A pre-print study of Chinese cases by Los Alamos National Laboratory sets the average hospital stay of COVID-19 patients at 11 days. Based on an 11-day average hospital stay, the Asheville area would need to spread out COVID-19 cases over about 10 months to manage a surge of that size if all hospital beds were devoted to COVID-19 patients.* (See end of article for calculations)

Filled beds means 'care rationing'

"Filled hospital beds don't just mean COVID-19 patients not getting treated," Baron explained.

"If you get into a car accident, if you have a heart attack, if you've got cancer and you need surgery — that is the kind of care being delayed and rationed across other countries' healthcare systems," Baron said.  "I fear personally that we may be in for worse than Western Europe because they have better organized healthcare systems." 

Licensed Hospitals in Western North Carolina by size 

This data is drawn from the North Carolina Department of Health and Human Service's list of licensed in-patient hospitals as of March 2020. 

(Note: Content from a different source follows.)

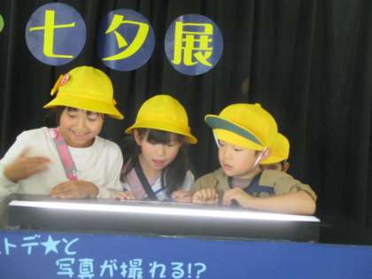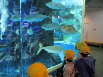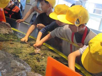 グループごとに魚津水族館を見学しました。富山湾に住む魚たち、深海魚等、子供たちは水槽に顔を近付けて興味津々で観察したり、海の生き物と直接触れ合うことを楽しんだりしながら、生き生きと活動していました。
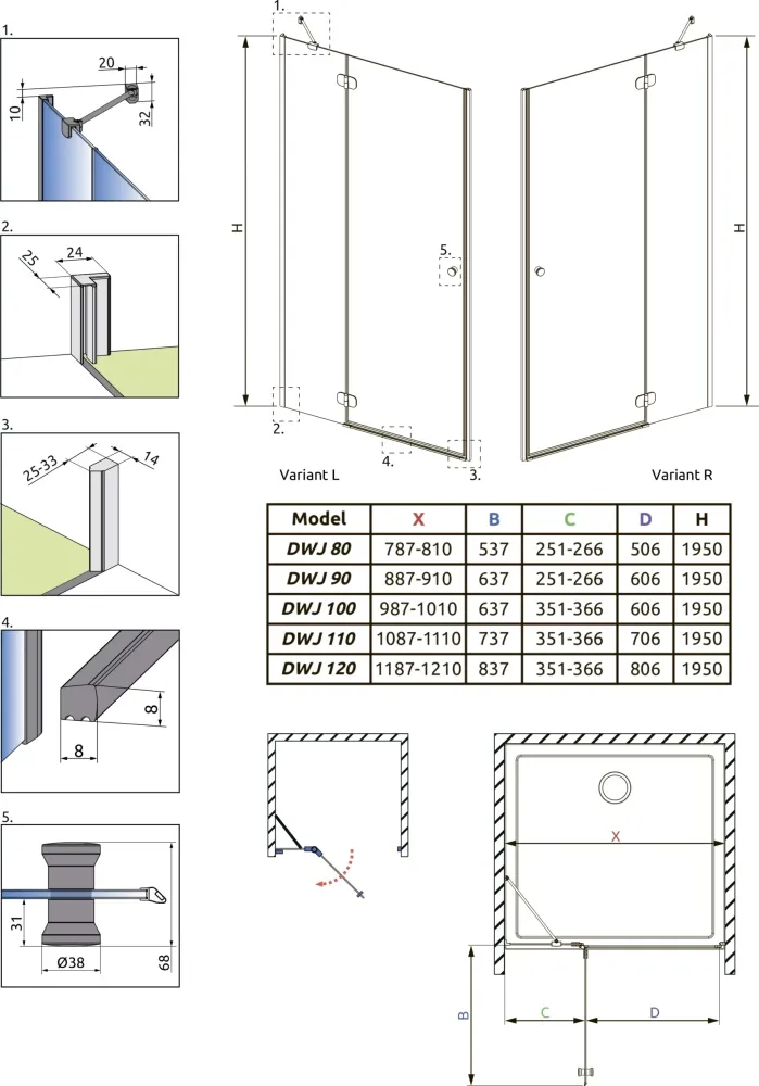 - стандартные душевые двери доступны в прозрачном стекле. По спец-заказу доступны кабины как в нестандартных, так и стандартных размерах в (02) сатиновом, (05) графитовом и (08) коричневом цветах а также в сверх-прозрачном стекле UltraClear

  • Mission Hospital, Asheville: 815 beds
  • Pardee Memorial Hospital, Hendersonville: 222 beds 
  • Haywood Regional Medical Center, Haywood County: 154 beds 
  • Rutherford Regional Medical Center, Rutherfordton: 143 beds 
  • Charles George VA Medical Center, Asheville: 119 beds 
  • Advent Health, Hendersonville: 103 beds
  • Harris Regional Hospital, Sylva: 86 beds
  • Transylvania Regional Hospital, Brevard: 82 beds
  • Cherokee Indian Hospital, Cherokee: 72 beds 
  • Mission Hospital McDowell, Marion: 65 beds 
  • Angel Medical Center, Franklin: 59 beds 
  • Erlanger Murphy Medical Center, Murphy: 57 beds
  • Swain Community Hospital, Bryson City: 48 beds
  • Blue Ridge Regional Hospital, Spruce Pine: 46 beds
  • St. Luke's Hospital, Columbus: 35 beds
  • Asheville Specialty Hospital: 34 beds 
  • Highlands-Cashiers Hospital: 24 beds 

Ventilators 

  • Mission Health: 84 ventilators in the HCA system, Dr. William Hathaway said in a March 18 briefing. "On an average day in our health system, we have between 20 and 35 patients who need a ventilator," Hathaway said. 
  • Pardee Memorial Hospital: 14 ventilators, "in communication to acquire two more," according to spokeswoman Erica Allison. 
  • AdventHealth: 6 ventilators, with another 11 on the way, according to spokeswoman Victoria Dunkle.
  • This list will be updated as more facilities respond with their number of ventilators. 

Baron described the number of ventilators available in the Asheville area as "very bleak." 

"Our needs are going to vastly outstrip those supplies very quickly," Baron said. "We are already probably at a point where existing cases will account for those supplies and then some.

"And this is a cumulative effect," he said. "People don't recover very quickly when they are sick, even if they are going to recover.

"That (referring to the number of ventilators at Mission, Pardee and Advent) is a scary, scary low number," Baron said.